In order to ensure accurate simulations, heat source parameters need to be obtained for which an efficient methodology was created to calculate body heat flux values from a short test. Additionally, a study was conducted to understand the heat flow mechanism across structural joints requiring Thermal Contact Conductance (TCC) values. This research contributes experimentally obtained, and therefore accurate, TCC values for structural interface conditions compatible with CNC machine tool joints not previously available. This was followed by the investigation of the thermal behaviour of the machine due to both internal heat and external environmental fluctuations.
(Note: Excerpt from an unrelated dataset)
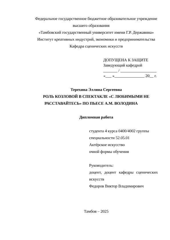 ТЕРЕХИНА, ЭЛЛИНА СЕРГЕЕВНА. РОЛЬ КОЗЛОВОЙ В СПЕКТАКЛЕ «С ЛЮБИМЫМИ НЕ РАССТАВАЙТЕСЬ» ПО ПЬЕСЕ А.М. ВОЛОДИНА [Электронный ресурс]: дипломная работа: 52.05.01 Актерское искусство: Очная форма обучения / Э. С. ТЕРЕХИНА; ТГУ им. Г. Р. Державина ; науч. рук. к. сцен. н., доцент, В. В. Федоров. — Электрон. текстовые дан. (1 файл). — Тамбов, 2025. — Загл. с титул. экрана. — <URL:https://elibrary.tsutmb.ru/dl/docs/vkr18503.pdf>.

A broad range of operating and static stability tests were conducted to validate the FEA modelling strategy for simulating the thermal behaviour of the machine for internal heating and environmental temperature fluctuations. The simulated and experimental movement of the tool matched by more than 60% in all cases; and by more than 70% in most cases. The most significant cost benefits from this project may result from understanding behaviour during the long and very long term simulations that are impractical or unfeasible to complete experimentally. This information facilitates capability assessment and model development.
Within this research, simple linear models compatible with existing compensation capabilities in modern NC systems was targeted. Extracted FEA data is used to identify temperature-displacement sensitive areas within the full machine structure. The identification method locates structural nodes whose temperature change correlates with error at the tool to effectively install temperature sensors permanently at those positions for simple linearly correlated thermal error compensation.
Available under License Creative Commons Attribution Non-commercial No Derivatives.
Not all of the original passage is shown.